## [EXERCISE DETAILS]
Given the records underneath, please repeat exactly the lines from the line with "La consejera de" through the line with "336 2594 - 003", passing over any picture.

## [SUPPLIED MATERIAL]
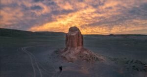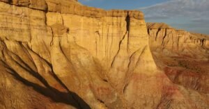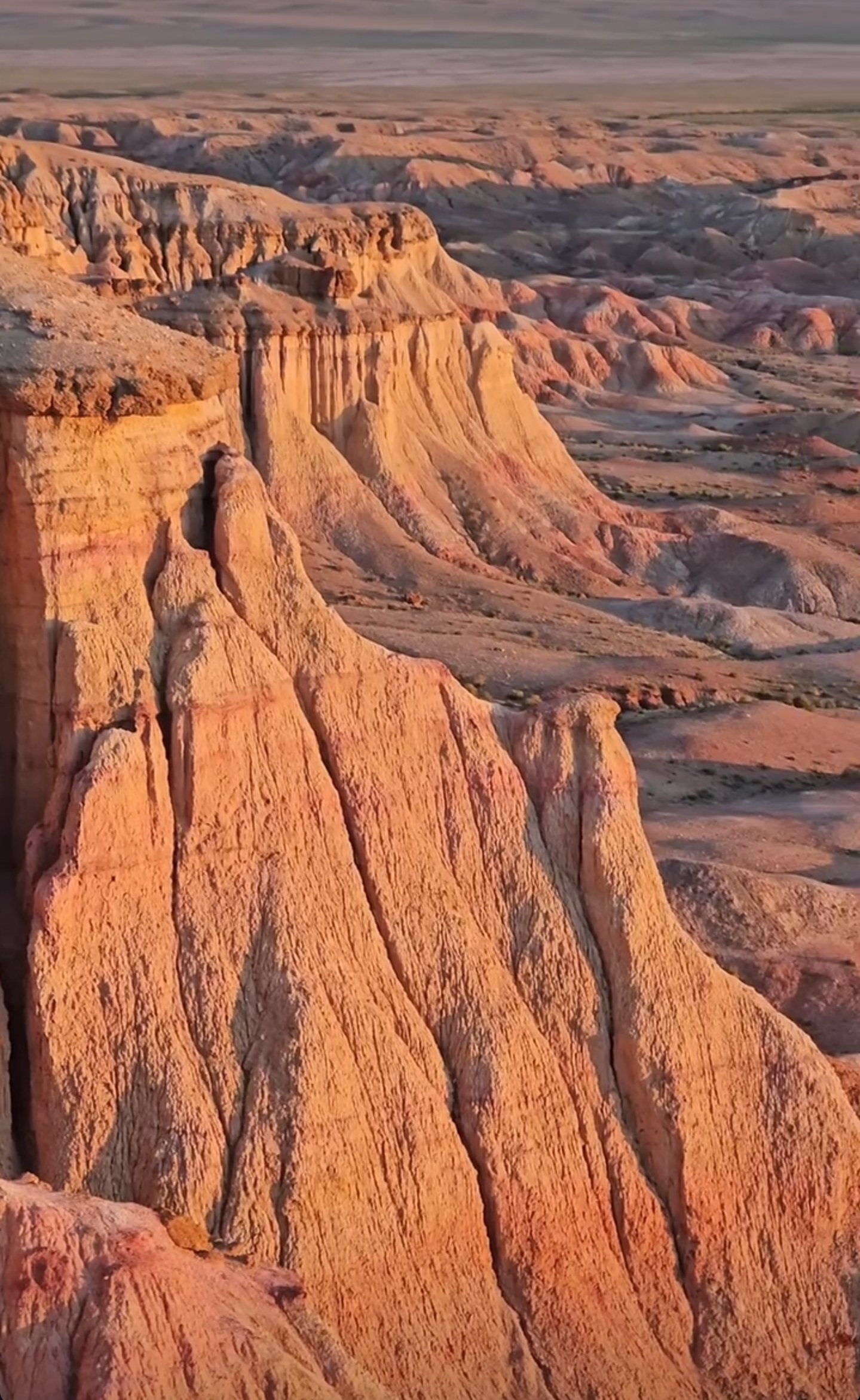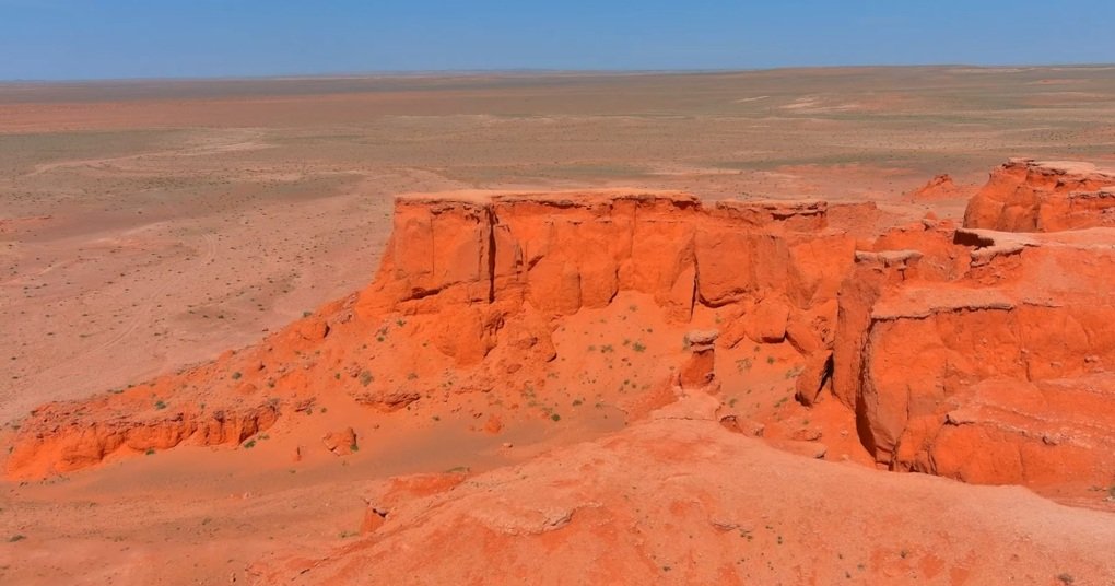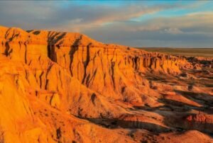 ‘사막의 덤불(Zag)이 많은 곳’이라는 뜻을 가진 바양작은 붉은 진흙과 모래가 쌓여 만들어진 거대한 절벽 지형입니다. 노을이 질 때 절벽 전체가 마치 불에 타는 듯한 붉은색으로 빛난다고 하여 서양에서는 **’불타는 절벽(Flaming Cliffs)’**이라는 이름으로 더 잘 알려져 있습니다.
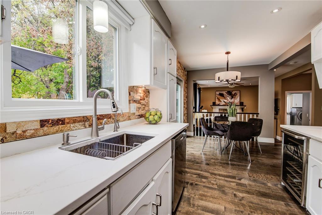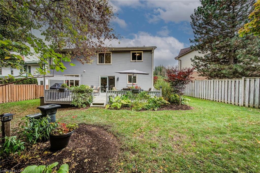 **OPEN HOUSE – Sun, Nov 23, 2-4 pm. Welcome to this beautifully updated home in prestigious Upper Beechwood! As you arrive at this charming 4 bedroom, 2-storey home with a double garage, you’ll immediately appreciate its perfect location on a pie-shaped cul-de-sac lot in one of Waterloo’s most desirable neighbourhoods. Walk through the front door and you’re greeted by a bright, welcoming space where the living and dining areas flow effortlessly together—perfect for hosting family gatherings or cozy evenings with friends. Step down to the sunken family room as you unwind by the gas fireplace, surrounded by the warmth of gleaming wide plank hardwood flooring. The heart of the home is the updated kitchen, featuring new quartz countertops and modern stainless steel appliances—a stove, fridge, built-in microwave, and wine fridge, all replaced in 2024. From the dinette, sliding doors lead you out to a spacious deck overlooking a lush, treed backyard—a serene outdoor retreat ideal for summer barbecues or morning coffee. Back inside, you’ll find a beautifully renovated main-floor powder room, a convenient laundry area and thoughtful updates that make everyday living effortless—including a new washer, dryer and water softener (2024). Upstairs, the three generous bedrooms feature brand-new carpeting, while the primary suite offers a peaceful escape with a large walk-in closet and a private 4-piece ensuite. The fully finished basement adds even more living space with new flooring, a spacious recreation room, a den, an additional bedroom and a 3-piece bathroom—perfect for guests, hobbies, or movie nights. Every detail of this home blends comfort, style and function, all within the prestigious Upper Beechwood community—renowned for its mature trees, excellent schools, Home associations with pools and Tennis courts, wonderful welcoming neighbourhood vibes.
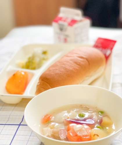 今日の献立は、コッペパン、牛乳、鶏肉とさつまいものシチュー、はくさいのピクルス、かき、いちごジャムです。
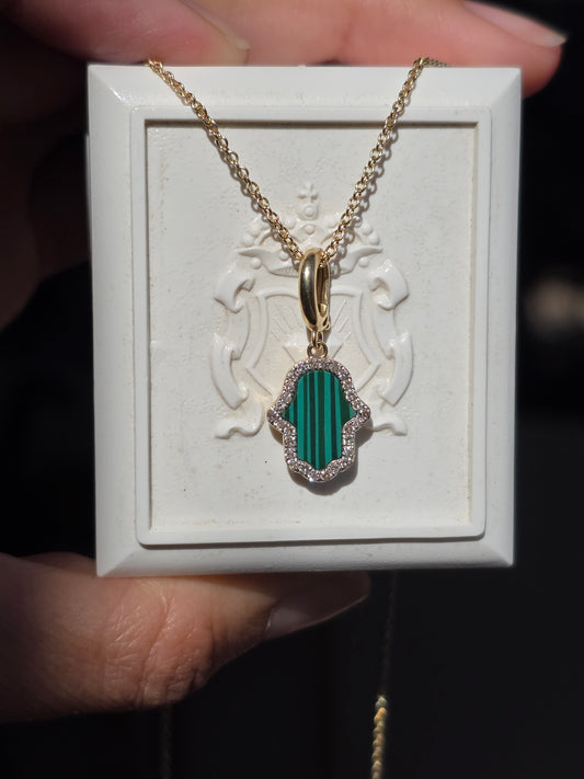 14k Malachite and Diamond Hamsa Pendant (NO CHAIN)
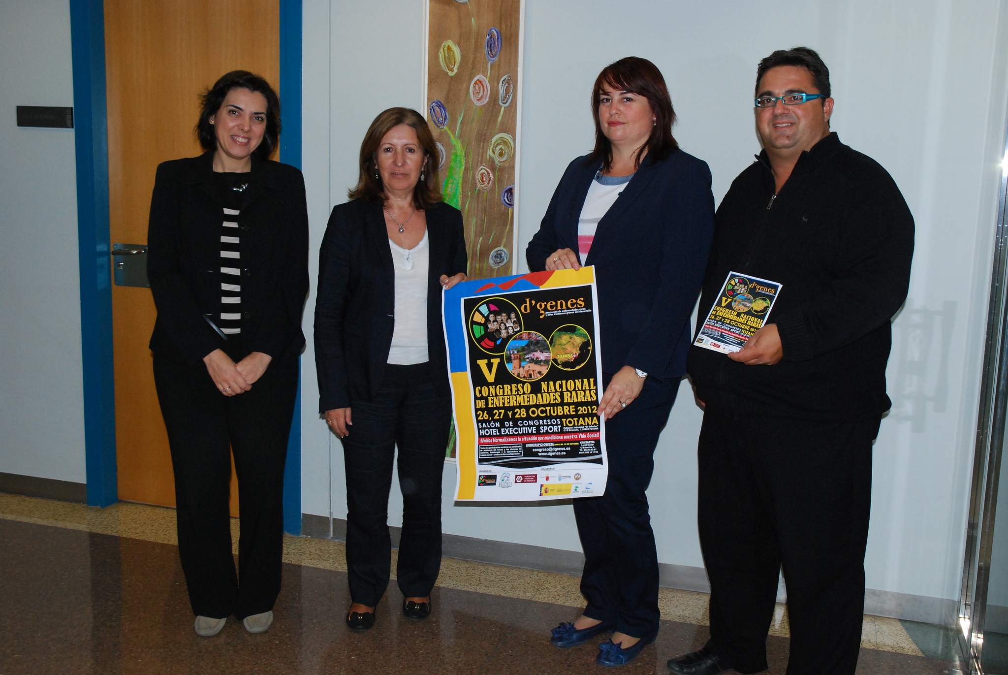 La consejera de Sanidad y Política Social, María Ángeles Palacios (2i), el presidente de la Federación Española de Enfermedades Raras (FEDER), Juan Carrión, la presidenta de D’Genes, Naca Eulalia Pérez de Tudela (2d), y la jefa de la Unidad de Genética Médica del Servicio de Pediatría del Hospital Universitario Virgen de la Arrixaca, Encarna Guilén, muestran el cartel del V Congreso Nacional de Enfermedades Raras, tras la reunión mantenida sobre este encuentro al que la Consejería ha reconocido su Interés Científico Sanitario.
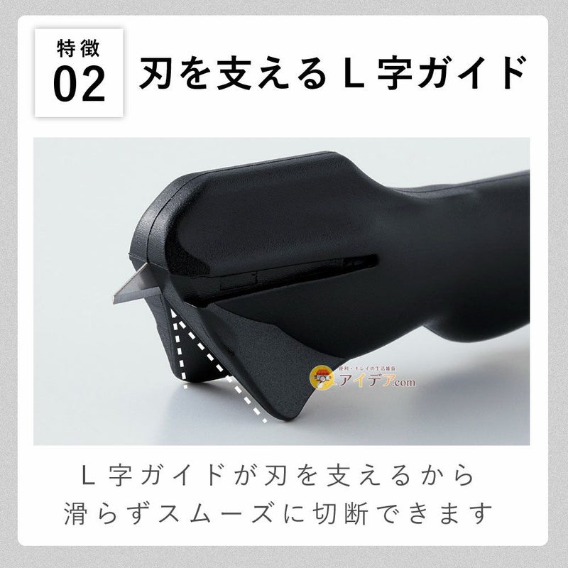 | ■使用上のご注意 | ●破損やケガの原因となりますので、無理に切断することはお避けください。●刃先は非常に切れやすくなっておりますので、直接刃に触れないようご注意ください。●使用後は必ず汚れや水分を拭き取り、通気性の良い場所で保管してください。汚れや水分が残っていると、さびや変色などの原因となります。また拭き取る際は、刃でケガをしないよう十分ご注意ください。●本品を水まわりや、湿気の多い所や屋外に放置しないでください。●刃は消耗品です。永久的に使えるものではありませんのでご了承ください。●刃先が欠けるなど変形・破損した場合は使用しないでください。●使用しない時は、必ずキャップをつけて保管し、お子さまの手の届かない所に保管してください。●本来の用途以外には使用しないでください。 ●火気厳禁。 | ||
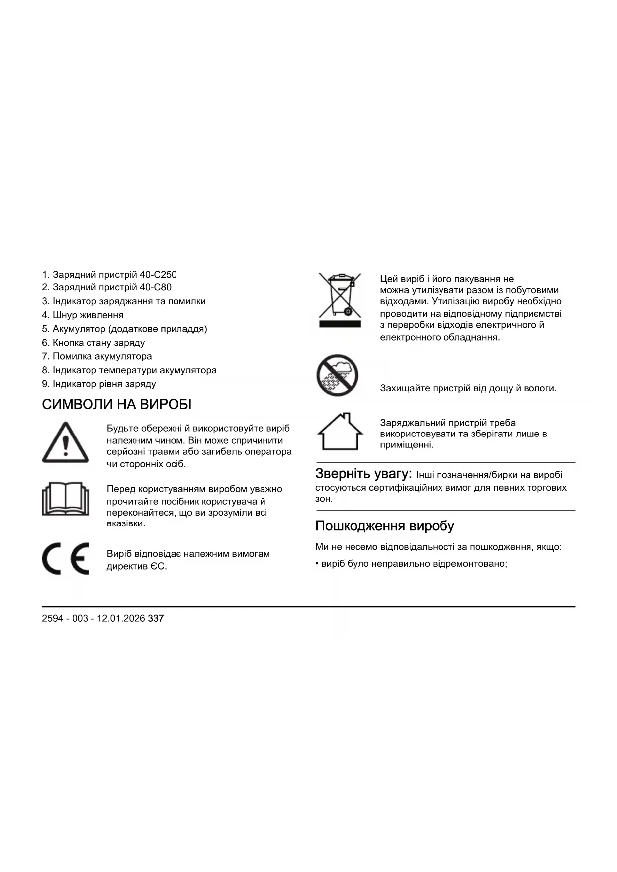 336 2594 - 003 - 12.01.20261. Зарядний пристрій 40-C250
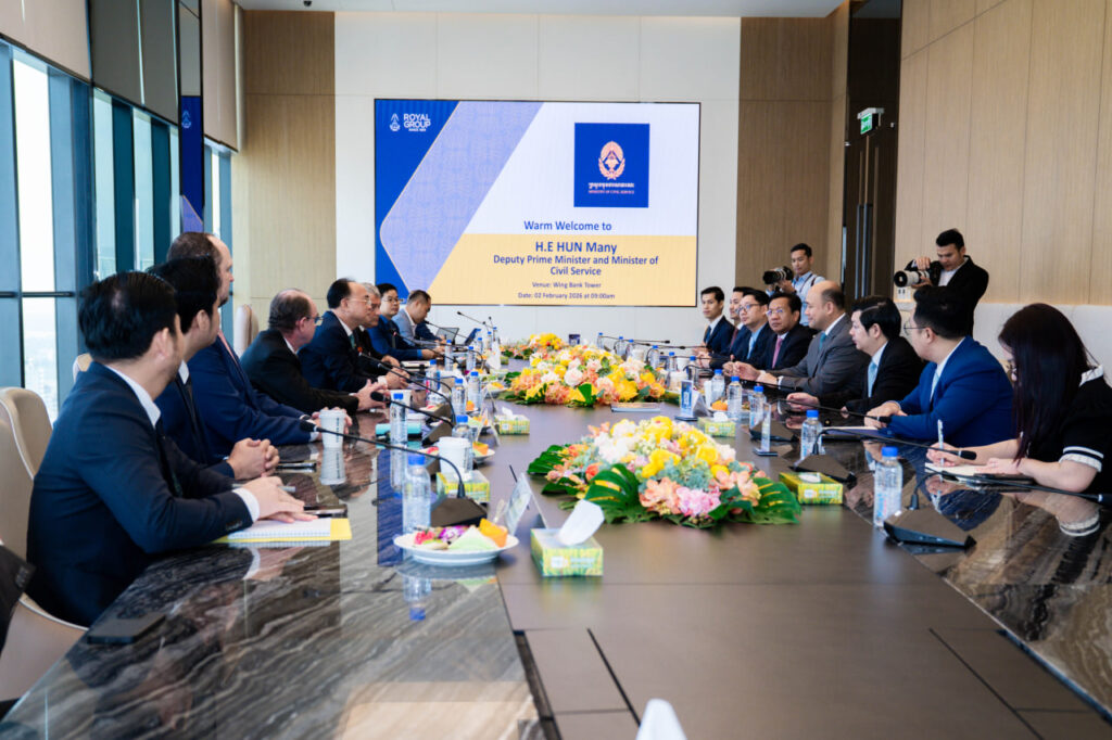 អ្នកឧកញ៉ា គិត ម៉េង ប្រធានក្រុមប្រឹក្សាភិបាល ធនាគារ វីង និងជាអគ្គនាយកប្រតិបត្តិក្រុមហ៊ុន រ៉ូយ៉ាល់គ្រុប ព្រមទាំងគណៈគ្រប់គ្រងធនាគារវីង នៅព្រឹកថ្ងៃទី០២ ខែកុម្ភៈ ឆ្នាំ២០២៦ បានអញ្ជើញទទួលដំណើរ ឧបនាយករដ្ឋមន្ត្រី ហ៊ុន ម៉ានី ដែលបានដឹកនាំគណៈប្រតិភូ នៃក្រសួងមុខងារសាធារណៈ អញ្ជើញទស្សនកិច្ច នៅអគារធនាគារ «វីង»។

## [ANSWER TO THE EXERCISE]
 La consejera de Sanidad y Política Social, María Ángeles Palacios (2i), el presidente de la Federación Española de Enfermedades Raras (FEDER), Juan Carrión, la presidenta de D’Genes, Naca Eulalia Pérez de Tudela (2d), y la jefa de la Unidad de Genética Médica del Servicio de Pediatría del Hospital Universitario Virgen de la Arrixaca, Encarna Guilén, muestran el cartel del V Congreso Nacional de Enfermedades Raras, tras la reunión mantenida sobre este encuentro al que la Consejería ha reconocido su Interés Científico Sanitario.
 | ■使用上のご注意 | ●破損やケガの原因となりますので、無理に切断することはお避けください。●刃先は非常に切れやすくなっておりますので、直接刃に触れないようご注意ください。●使用後は必ず汚れや水分を拭き取り、通気性の良い場所で保管してください。汚れや水分が残っていると、さびや変色などの原因となります。また拭き取る際は、刃でケガをしないよう十分ご注意ください。●本品を水まわりや、湿気の多い所や屋外に放置しないでください。●刃は消耗品です。永久的に使えるものではありませんのでご了承ください。●刃先が欠けるなど変形・破損した場合は使用しないでください。●使用しない時は、必ずキャップをつけて保管し、お子さまの手の届かない所に保管してください。●本来の用途以外には使用しないでください。 ●火気厳禁。 | ||
 336 2594 - 003 - 12.01.20261. Зарядний пристрій 40-C250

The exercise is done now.